2020-21-Budget in the eyes of a layman: All aren’t equal to govt
07:47 PM, June 11, 2020 / LAST MODIFIED: 10:47 PM, June 11, 2020

All aren’t equal to government

Protected and unprotected: an oblique line of the government's preference separated the two.

One group of people is the responsibility of the government and the other group is not. One group is protected by the government and the other left in the cold. Privileged ones are the public servants and overlooked ones the private employees.

The line of divide was always there, and it only got embarrassingly prominent in the onslaught of the ongoing coronavirus pandemic. As budgetary measures were laid out today, the disparity looks more prominent than ever.  

It's a job that very few in the world's ivy league of economists would have dared to do, announcing the budget of a country caught in the middle of a pandemic that brought the economy down to its knees in the last four months. Mustafa Kamal is a feisty finance minister in that sense, especially when every hand extended in his direction is for help.

No other finance minister in our living memory faced a crisis of this magnitude. Everybody, rich and poor alike, is seeking help from the government, which is also extending its hands for help from foreign lenders, the central bank (by asking it to print taka) and black money-holders.

If we analyse the government response to the health and financial security for all in the lead-up to the pandemic and beyond, we can see the line of divide all too clearly. The government cared most, if not only, for the public staff and least for the private staff. 

Kamal deserved big kudos for protecting public employees financially four months into the crisis. Proper healthcare is understood to be off the list under this circumstance; but he certainly did more than he could have to ensure financial security for 14 lakh government employees (Tk 5,125cr in salaries and benefits a month) and over 6.5 lakh pensioners (Tk 1,917cr a month).   

No austerity was called into practice.
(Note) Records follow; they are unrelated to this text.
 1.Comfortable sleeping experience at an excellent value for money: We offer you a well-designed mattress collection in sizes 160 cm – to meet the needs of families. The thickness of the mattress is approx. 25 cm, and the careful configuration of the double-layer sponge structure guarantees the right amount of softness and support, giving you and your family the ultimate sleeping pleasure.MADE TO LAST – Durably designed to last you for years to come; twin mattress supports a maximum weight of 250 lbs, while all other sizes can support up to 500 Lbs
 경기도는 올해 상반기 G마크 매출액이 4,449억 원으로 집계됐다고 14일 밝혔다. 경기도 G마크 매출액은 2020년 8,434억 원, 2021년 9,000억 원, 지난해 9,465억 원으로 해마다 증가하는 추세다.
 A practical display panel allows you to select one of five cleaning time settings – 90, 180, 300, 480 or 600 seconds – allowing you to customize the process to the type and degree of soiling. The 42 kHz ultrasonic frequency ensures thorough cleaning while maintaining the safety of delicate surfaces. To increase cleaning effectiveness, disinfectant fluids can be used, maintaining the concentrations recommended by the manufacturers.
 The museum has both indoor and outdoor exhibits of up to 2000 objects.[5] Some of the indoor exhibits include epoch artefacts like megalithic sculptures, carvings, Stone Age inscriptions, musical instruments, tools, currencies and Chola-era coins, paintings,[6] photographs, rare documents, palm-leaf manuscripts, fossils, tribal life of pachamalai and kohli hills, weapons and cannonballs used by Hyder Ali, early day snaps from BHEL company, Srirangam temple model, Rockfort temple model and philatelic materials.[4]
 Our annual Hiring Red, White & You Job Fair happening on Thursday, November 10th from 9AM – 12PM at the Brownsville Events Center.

Rather, he was found to be ever obliging to the government's additional financial response to contagion compensation for public employees: up to Tk 50 lakh for death and up to Tk 10 lakh for infection. The police, the other frontline heroes besides medicare staff in our fight against the contagion, would get an additional compensation up to Tk 15 lakh from the fund of IGP (Inspector General of Police).  
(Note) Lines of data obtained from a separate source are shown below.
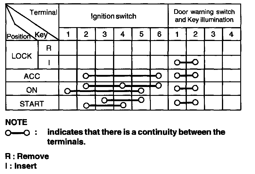 Remove the ignition lock switch and check continuity between the terminals. If the continuity is not as specified, replace the switch.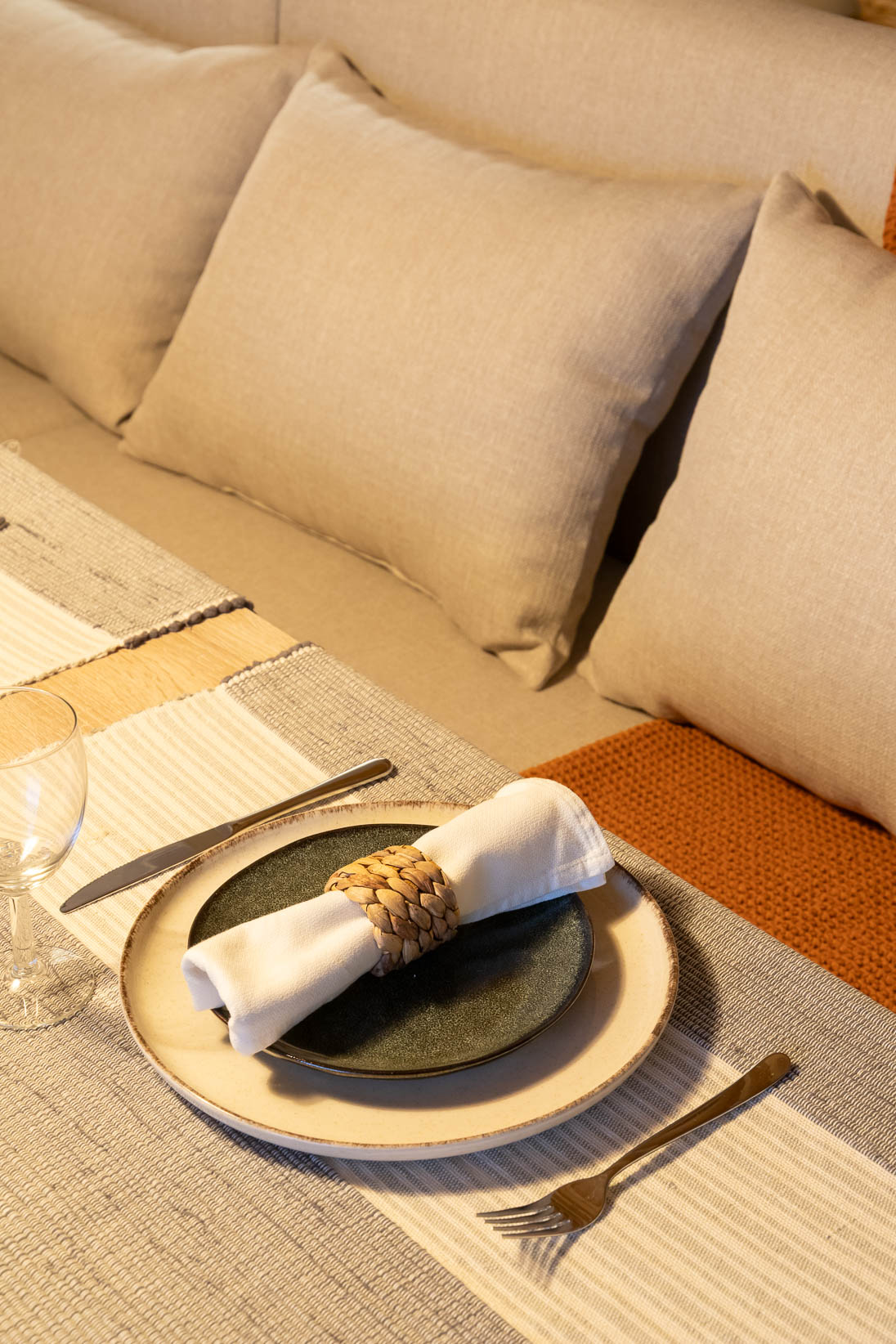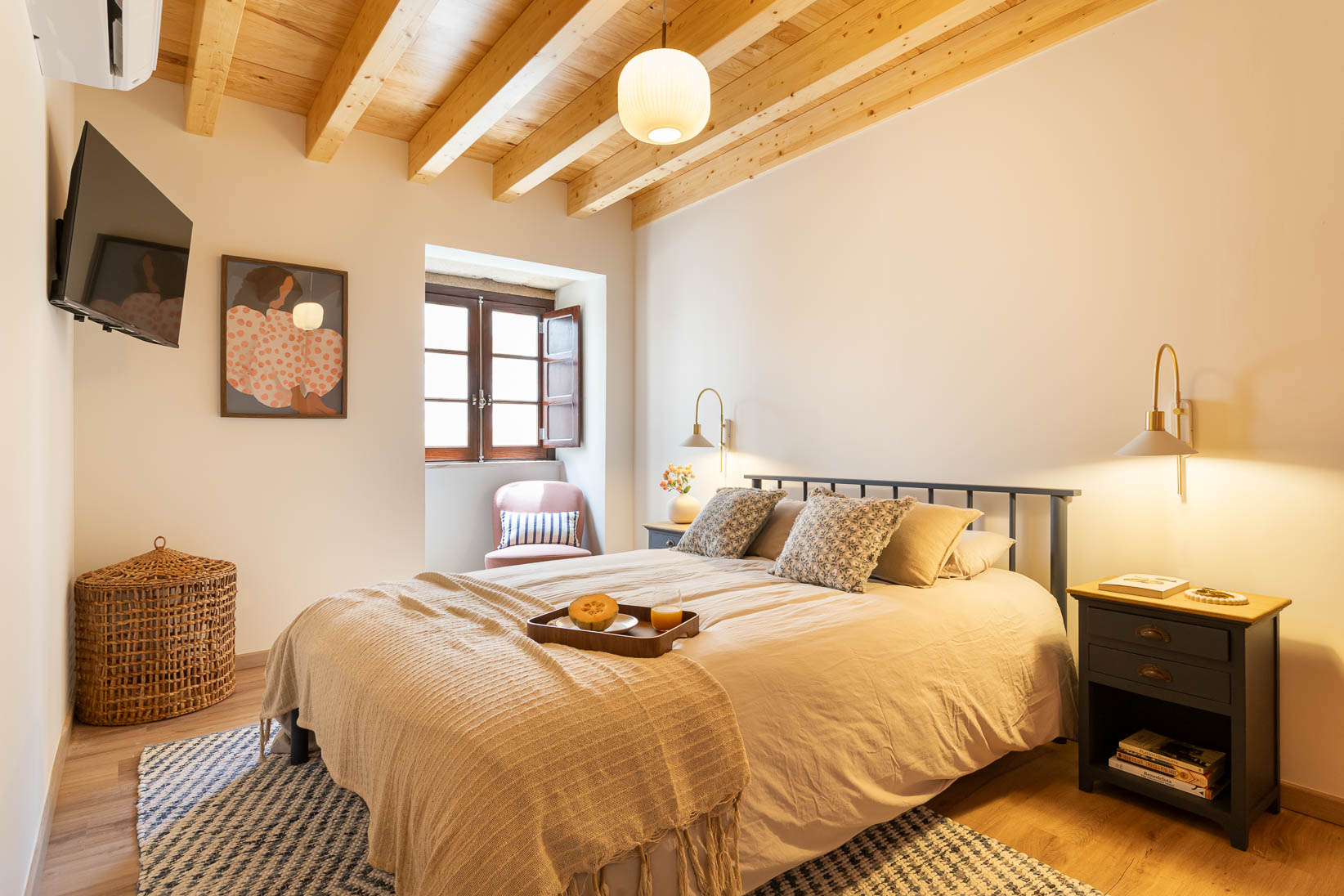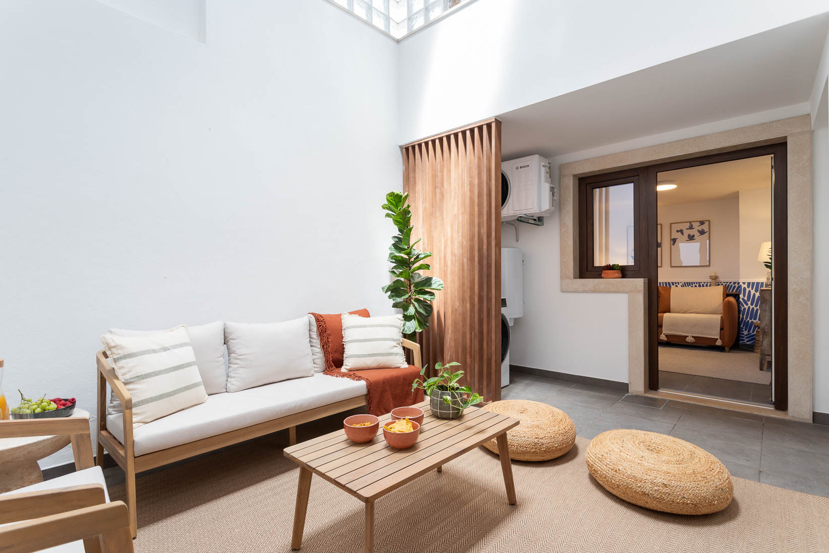 Este apartamento no coração histórico de Tomar ganhou uma nova vida, transformando-se num espaço acolhedor e cheio de personalidade. Apesar de ter sido recentemente renovado, a área principal era aberta e sem definição. O desafio passou por criar zonas de estar e de jantar funcionais, que respeitassem a fluidez do espaço sem limitar o seu uso.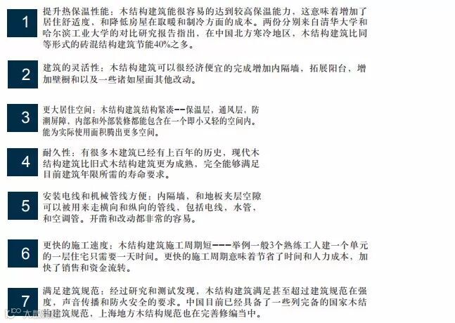 木结构建筑:在北美,SPF被广泛应用于木结构建筑,特别是单体房屋中。现在,在欧洲和亚洲的国家,许多人正寻找一种 经济和耐用的建筑方法,以取代老化或被损坏的房屋,或者在改建房屋以容纳增长的人口时,都会考虑选择切 实有效木结构建筑和SPF板材。 不管是在现场搭建还是在使用预制构件,木结构建筑是快速,轻便,久经验证的住宅,公寓和商用建筑建造方法。它已经经过了大量的研究测试,被证明能适应最不利的天气状况。木结构建筑拥有以下诸多优势

We all are grateful to the services of our frontline warriors -- the doctors, nurses and police; and the highest possible compensation is what a good government must make available to them. Our government is doing it, but only for those who serve the government.
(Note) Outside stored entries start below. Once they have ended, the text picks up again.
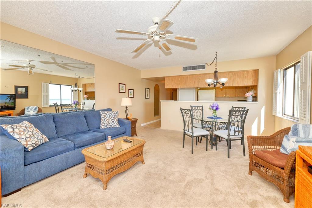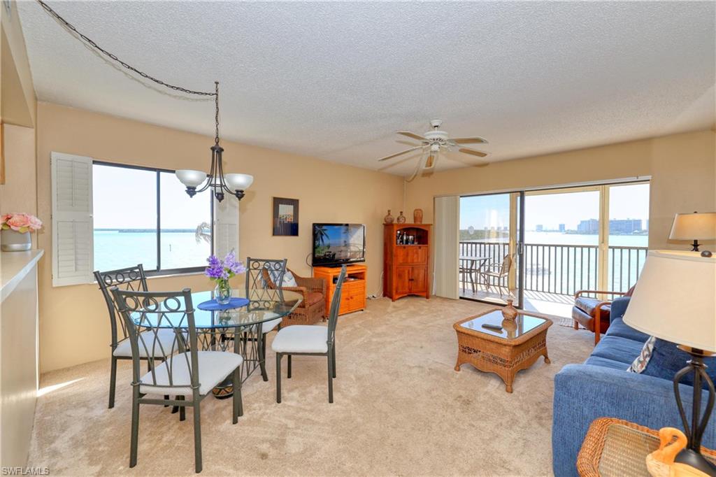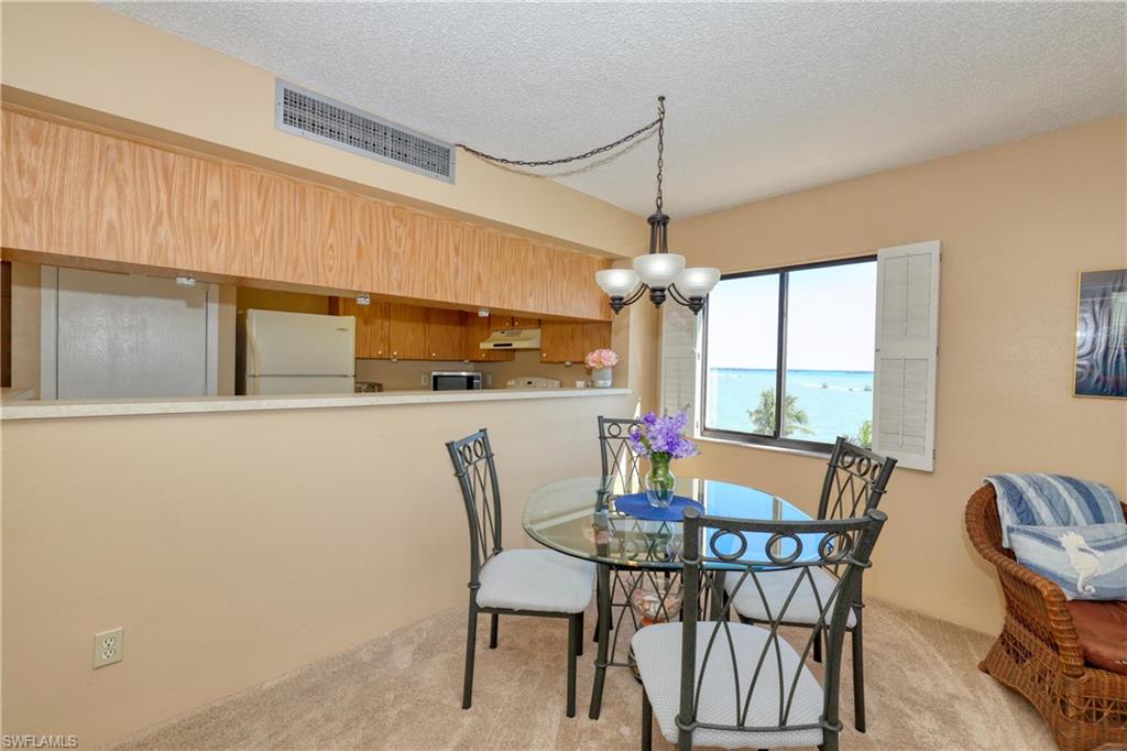 NEW LOW PRICE! WATERFRONT! Won't find a deal like this again at this price ESPECIALLY BEING ON THE BAY with a gorgeous, unobstructed view. One of the few Condos ready to move right in and at this price make renovations to put your personal touch. This is an End Unit with fantastic views of Estero Bay to the North and panning to the SE from the Lanai. There is a lot of entertainment as you watch from your Corner Lanai all the Boating activity, the Manatees and Dolphins as they play. With this End/Corner Lanai you have the perfect seat to watch the gorgeous Sunrises over the Bay. You will enjoy the beautiful resort style pool that also overlooks the Bay so you have some great views as you swim. Short walk to the Gulf to enjoy the beautiful white sandy Fort Myers Beach. Right down the street is Santini Plaza which is in process of building back. Living on the South End is peaceful and if you don't want to drive just catch the Trolley at the end of Lenell to go to Times Square and you have many restaurants to pick from.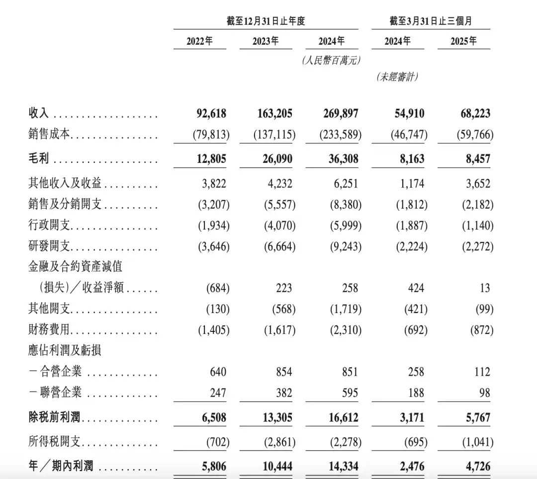 根据奇瑞汽车披露的招股书,奇瑞汽车近年来营收和净利润持续增长。2024年、2024年、2024年以及2025年一季度,奇瑞分别实现营收926.18亿元、1632.05亿元、2698.97亿元、682.23亿元;分别实现净利润58.06亿元、104.44亿元、143.34亿元、47.26亿元。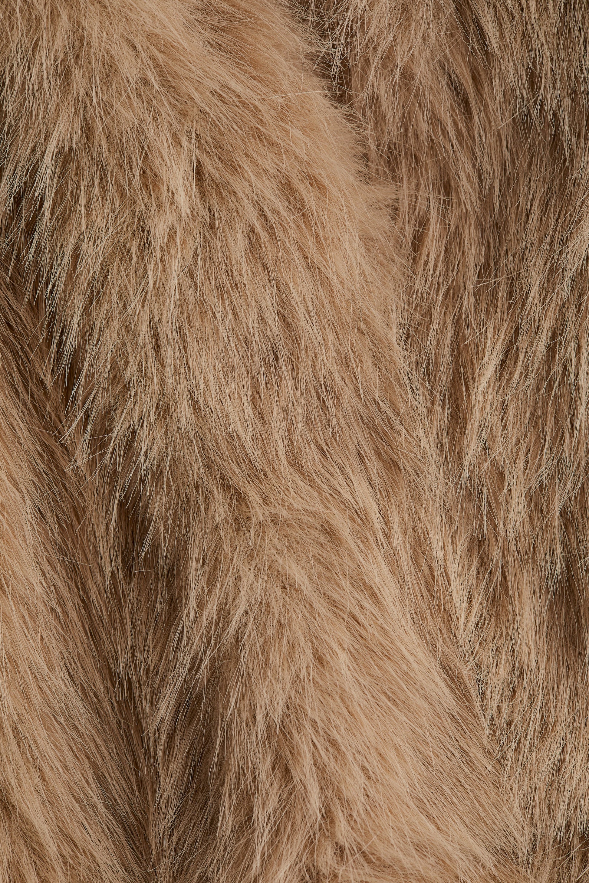Jacket in fluffy fabric with a V-neckline, concealed hook-and-eye fasteners down the front and discreet side pockets. Long sleeves with gathers on the shoulders for a puffy silhouette. Lined.

Twenty-five doctors are among the over 1,000 dead due to coronavirus disease so far. Of the 25, eight  doctors got themselves infected and met death while treating patients at private hospitals. Yet, they were not considered for compensation, just because they served the people from the other side of the line of divide.  

There are another group of front-liners who remained in the background of all the news they generated for the nation, exposing themselves daily to pandemic risks. They kept the people and the government informed, but went on to leave  their families in uncertain future. Seven journalists -- four due to coronavirus and three with symptoms -- died so far and 281 ended up with infection. No government compensation reached their families, and payment of overdue salaries was not made by some of their employers even after their deaths. Some respite, however, came from an unexpected source, with the chief of police offering Tk one lakh for each  of the families from his personal fund.       

The economy is reeling from the shockwaves of the pandemic, which is going to change the landscape of businesses and job opportunities for good. How the businesses would restart and recover from the loss is a billion-dollar question. So, bonus-cut, salary-cut, privilege-cut and job-cut are expected to be the issues in Bangladesh, at least for a year or two.

But the worries and uncertainties to grapple with are only for the 75 lakh people who are serving on the other side of the divide, in the private sector. 

It should have been a huge obligation for the government, the finance minister to be precise, to take extra care of the 22 lakh tax-payers, of whom 86 percent is from the private sector.

Isn't it unfair of the government to shield the financial security of only the public employees, of whom only 3 lakh are tax-payers? But those who pay tax, working in the private sector or running private businesses, are left in a quagmire. They are the ones who would face the job-cut, salary-cut or go out of the businesses.

No clear outline could be made of the budget speech and documents about Kamal's tab on the employment protection or creation, incentive or support for private sector employers to retain jobs and unemployment benefits. Would these tax-payers not get any COVID-19 respite from the government? If the tax-payers don't get protection during their crisis, why would they pay tax then? 

A crisis like this demanded an out-of-the-box, pragmatic policy from Kamal. And, it wasn't delivered, at least not yet.